As President Trump hints at ending hostilities, financial markets react positively to potential peace talks.
Category: Business
On March 31, 2026, the U.S. stock market experienced a notable surge, with the S&P 500 rising 2.91%, the Nasdaq Composite climbing 3.83%, and the Dow Jones Industrial Average gaining 1,125 points. This rally marked the largest one-day percentage gains for all three major indexes since May 2025, driven by growing hopes of a de-escalation in the U.S.-Iran war.
The positive market reaction followed reports that President Donald Trump had communicated to aides his willingness to end military hostilities with Iran, even if the Strait of Hormuz—an important waterway for global oil transport—remains largely shut. The Wall Street Journal reported that Trump expressed optimism about the potential for peace, stating, "The Iran war will probably end soon." Meanwhile, the Iranian President also indicated a readiness to discuss ending the conflict, contingent upon security guarantees.
Jim Cramer, the host of CNBC's "Mad Money," suggested that the trading session on March 31 was a preview of what could happen if peace is achieved. "Today we saw what would happen when you give peace a chance," Cramer remarked, emphasizing that the market had "tipped its hand" in anticipation of a resolution to the conflict. He predicted three major shifts in the market once the war concludes.
First, Cramer forecasted a decline in interest rates, which have surged since the onset of the war due to inflation fears linked to rising energy costs. He stated, "They [rates] go down noticeably... because we now realize that there's a huge amount of inflation stemming from the war." This inflation has been exacerbated by increased prices for agricultural inputs like fertilizer, which have risen sharply due to supply chain disruptions.

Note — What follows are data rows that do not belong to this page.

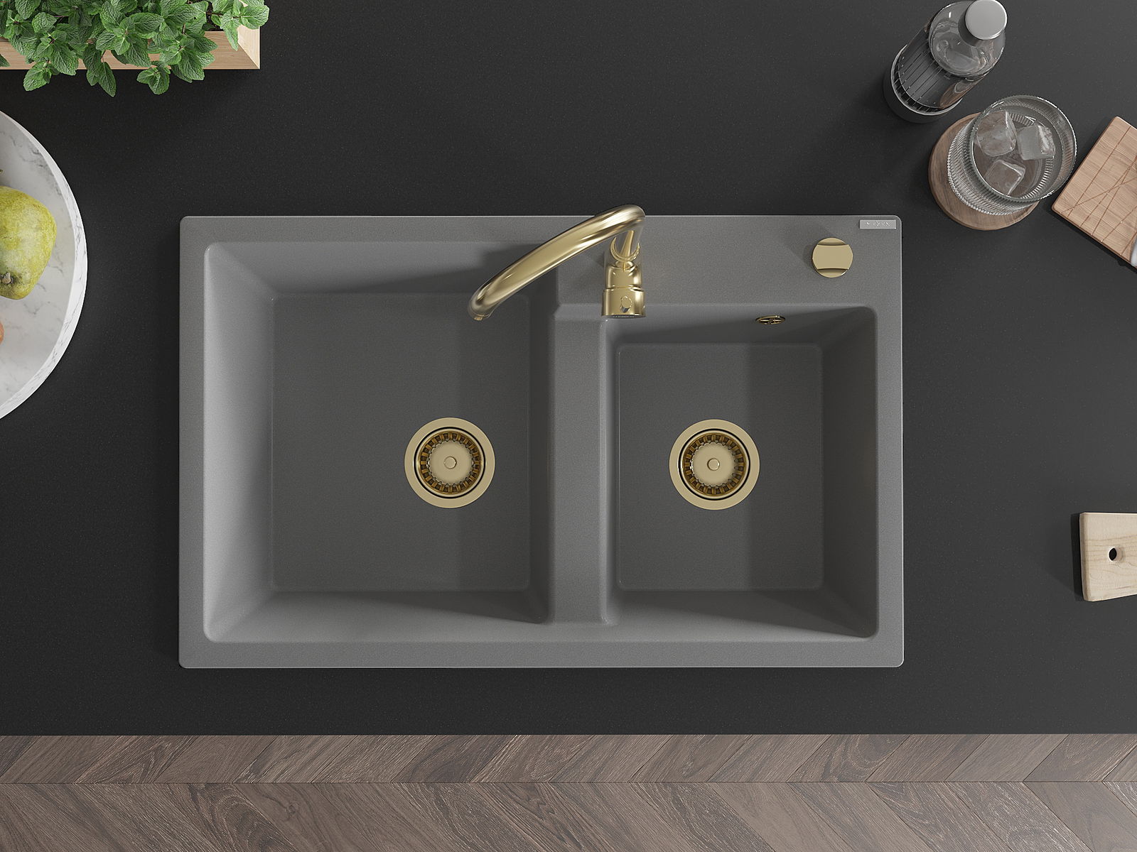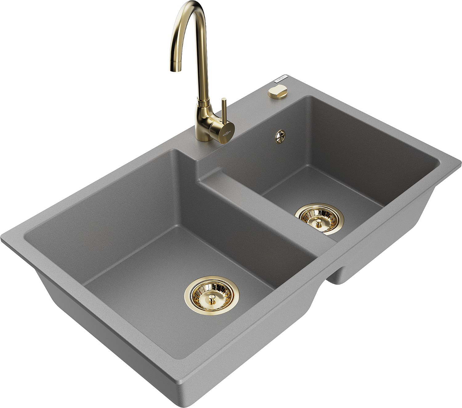 Mexen Tomas Γρανιτένιος νεροχύτης 2 θαλάμων με μπαταρία κουζίνας Telma, γκρι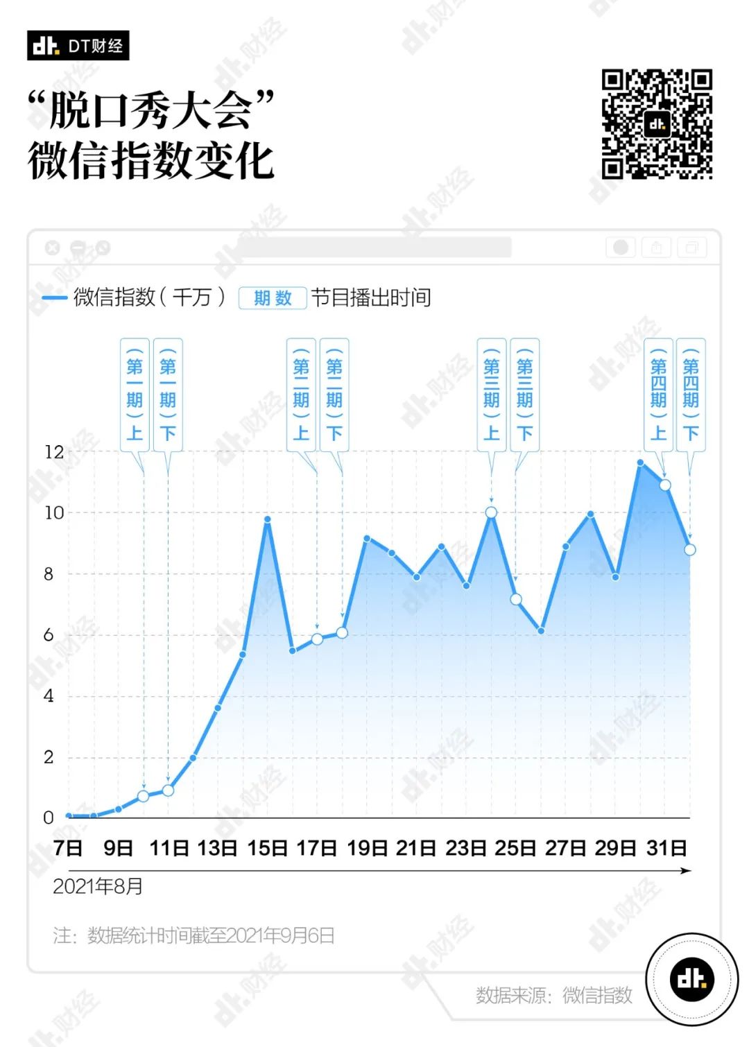 微信指數綜合了微信搜索、視頻號、公眾號文章、網頁及部分廣告渠道,一定程度上可以代表公號報道的關注度,和熟人社交場域的活躍度。“脱口秀大會”的微信指數在首期節目播出後逐漸攀升,第5天(8月15日)攀上熱度高點,隨後一直保持在高位,甚至在8月30日熱度過億,遠高於同期其他綜藝節目。
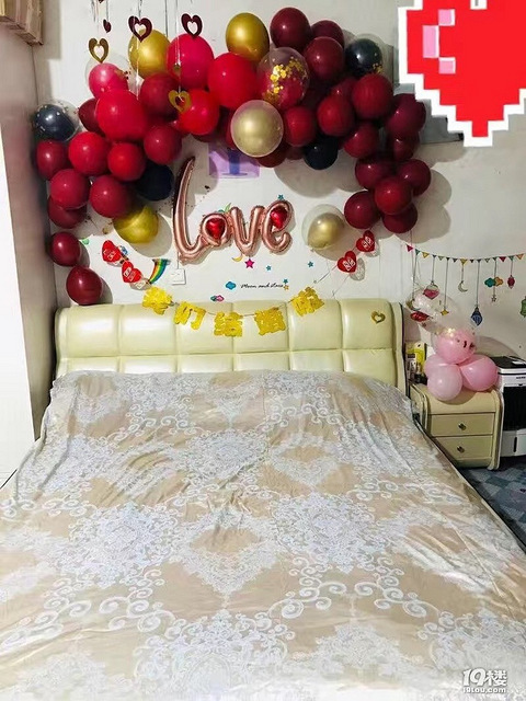 第一次结婚没啥经验,网上也买了很多气球喜字等等。考虑过用氦气,但是氦气有缺点,就是维持时间太短,只有三四个小时左右,前一天晚上弄了,第二天基本都会掉。当天早上又来不及。所以还是决定用传统的气球粘墙上。这里千万要提醒各位,千万不要直接用胶带或者双面胶,胶点直接上墙。因为根本就弄不掉!!!撕下来会连墙漆一起掉,新房非常难看。至于布置用的气球,某宝有很多种套餐,弄起来非常好看。建议多买铝膜气球,充了气可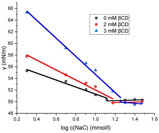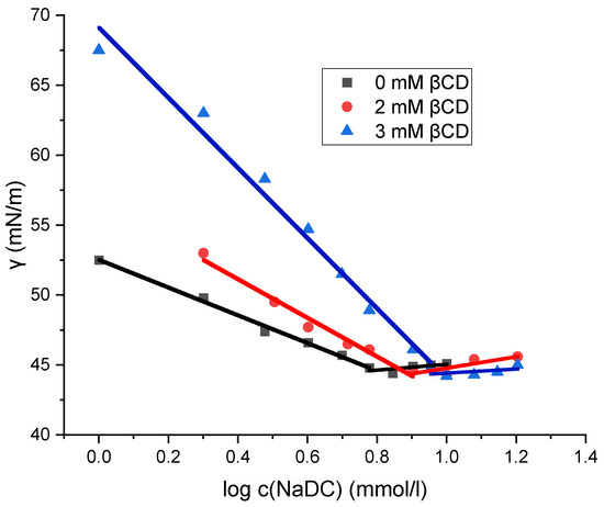 Although the CMC of sodium deoxycholate (NaDC) and sodium cholate (NaC) increases in the presence of βCD (due to the formation of inclusion complexes), the surface tension values remain unaffected within the limits of determination error (Figure 3 and Figure 4). These findings suggest that the inclusion complexes of βCD formed with the surfactants NaDC and NaC do not incorporate into the interface of bulk solution–air and that only surfactants themselves are accumulating and saturating at CMC the interface. If surfactants in inclusion complexes with βCD do not incorporate into the solution interface, then the principle of detailed balance applies [37], indicating that each equilibrium process occurring (i.e., micelle formation and inclusion complex formation) is thermodynamically independent. The increase in CMC in the presence of βCD (CMCCD) reflects the excess amount of surfactant that binds to the inclusion complex, maintaining a constant distribution of monomers among the described states (monomers form bulk, from interface and from micellar state that began formation at critical micelle concentration): ΔCMC = CMCCD − CMC. Thus, even in the presence of a parallel reaction of the inclusion complex formation, the same equilibrium concentration of monomeric surfactant exists and is equal to the CMC, which enables the application of the Equation (1).

Second, Cramer anticipated a rebound in growth stocks, particularly in the technology sector. Stocks like Nvidia and Marvell Technology saw notable gains on March 31, with Nvidia up 5.5% and Marvell rising nearly 13%. Cramer noted that as interest rates decrease, investors would refocus on the fundamentals of high-growth companies, which had previously been overshadowed by geopolitical tensions. "If the war's over, we'll start paying more for the stocks of companies that were never gonna skip a beat to begin with," he added.
Finally, Cramer expected a rally in big bank stocks, which have been under pressure due to concerns over deal-making in a tumultuous market. Major investment banks like Goldman Sachs and Morgan Stanley saw gains of nearly 5% and 4%, respectively, on the same day.
These positive developments came after a tumultuous month for U.S. equities, which saw the S&P 500 and Nasdaq post their worst annual starts since 2022. The S&P 500 fell 5.09% in March, and the Nasdaq declined 4.75%. The conflict in Iran and the blockade of the Strait of Hormuz have heavily impacted markets, contributing to a spike in oil prices and inflation concerns.
Brent crude oil prices soared above $100 per barrel for the first time since 2022, reaching as high as $119 at times. Gasoline prices in the U.S. have also surged, with the average price of unleaded gasoline hitting $4 per gallon, a 34% increase in just four weeks.
U.S. Defense Secretary Pete Hegseth warned that the next few days would be decisive for the Iran conflict, indicating that the situation could escalate if Tehran does not engage in meaningful negotiations. Hegseth's comments highlight the precarious nature of the current geopolitical climate and its direct impact on financial markets.
Market analysts have noted that fluctuations in oil prices have been closely tied to stock market performance. "Stocks have been following the lead of oil prices at an unparalleled rate over the last several weeks," said analysts at Bespoke Investment Group. They cautioned that prolonged high oil prices could have detrimental effects on the global economy and stock prices.
As the first quarter of 2026 concludes, the S&P 500 is down 4.6% year-to-date, the Nasdaq has lost 7.1%, and the Dow has fallen 3.6%. The month-long conflict has caused dramatic intraday swings in stock indexes, with many investors grappling with uncertainty over the economic implications of the Iran war.
In the aftermath of these developments, President Trump has sought to project confidence in the financial markets. He has claimed that the markets are performing well, even as they face challenges, stating, "I thought oil prices were going to go up higher than they are now, and I thought that we would see a bigger drop in stock. It hasn’t been that bad." Nonetheless, public sentiment appears to be shifting, with only 38% of U.S. adults approving of his handling of the economy and 35% supporting his approach to the Iran conflict.
Looking ahead, the potential for a resolution to the Iran war remains uncertain. The Iranian government has downplayed Trump's claims of progress in diplomatic talks, maintaining its control over the Strait of Hormuz, which is a key factor in global oil supply. The volatility in both oil and stock markets is expected to persist as investors react to news from the conflict.
As the situation evolves, analysts will be closely monitoring the interplay between geopolitical developments and market reactions. The hope for a resolution offers a glimmer of optimism for investors who have faced a challenging start to the year.
In a world where the stakes are high, the financial markets will continue to react to the shifting tides of international relations, with both risks and opportunities lying ahead.